We need documentation to help us achieve optimal communications and control; however we also understand that documentation can be an overhead that doesn’t add value to our customers.

There are two types of documentation and you should always be aware of why you are writing documentation and for whom.

Project documentation is for communication
Project documents are used for communication within a project and are not maintained once the project is completed. These documents are necessary to:

  • Sell the concept
  • Remove ambiguity
  • Facilitate a multi-location team
  • Manage the details

Product documentation is for management and control
Product documents are used for managing and controlling the product and will be maintained until the product or feature is retired. These documents are necessary to:

  • Manage priorities and scheduling
  • Maintain quality standards
  • Maintain correctness
  • Educate people

When you’re using documentation to communicate, then you’re capturing the state of the requirements etc at a given point in time. If the requirements change, then you don’t update your original communication, you make a new documentation to communicate the changes clearly.

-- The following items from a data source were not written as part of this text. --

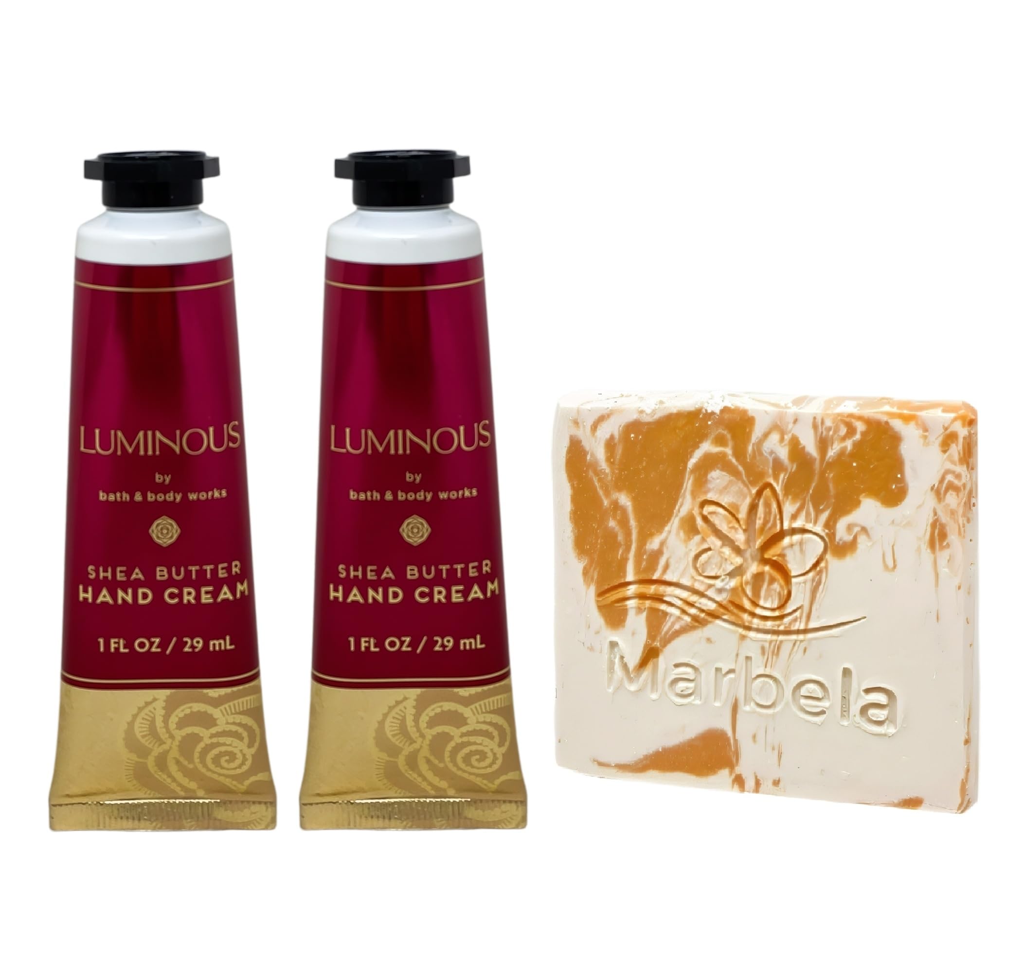 Bath Body Works Luminous - 2 Hand Cream with a Peach Gardenia Sample Soap (Soap May Vary) (Ingredients: Saponified Oils of: Olive Oil, Organic Virgin Coconut Oil, Shea Butter, Castor Oil, Fragrance, Mica, Vitamin E)
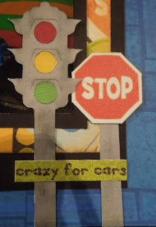 Today I have a Lo of my son on a car ride at the county fair. He is 5 years old and he still enjoys kiddy rides which makes me so happy. I used BoBunny Paper On the go. The traffic Light cut out was cut with my Cameo it is one of their files and I just added a pole. I love how it turned out. The stop sign is a cut out from the BoBunny paper. Super adorable.
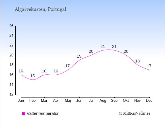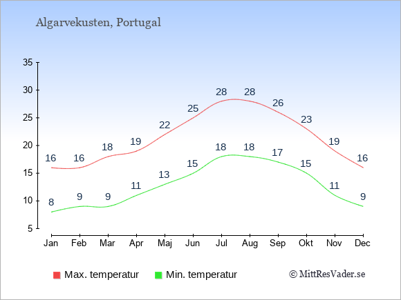 Grafen visar de genomsnittligt högsta temperaturerna på Algarvekusten (vanligtvis det värde som uppmätts mitt på dagen) och de genomsnittligt lägsta temperaturer (vanligtvis tidpunkten just innan soluppgång).
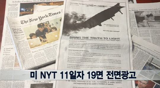 11일(현지시간) 미국 일간지 뉴욕타임스(NYT)에는 "진실을 밝히라" 는 제목으로 '박근혜 정부'를 비판하는 전면광고가 실렸다.
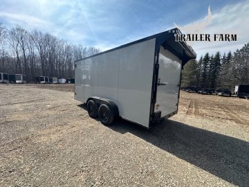 2026 POWERLINE CARGO 7X16 ENCLOSED TRAILER BLACKOUT PACKAGE WITH REAR SPOILER

Communication isn’t a living document.

However, when you document for education, then it is a living document. If the requirements or scope changes, then anyone reading your old document for education purposes will be misled, therefore in order for your document to meet its purpose, it has to be maintained. This means every time you write a document for education purposes, you’ve just added an overhead to your project – a document that has to be updated as the project changes. If you are not going to maintain the document – then you aren’t writing it for educational purposes. To make the maintenance cheaper, the document can contain less detail and more principals that are less likely to change.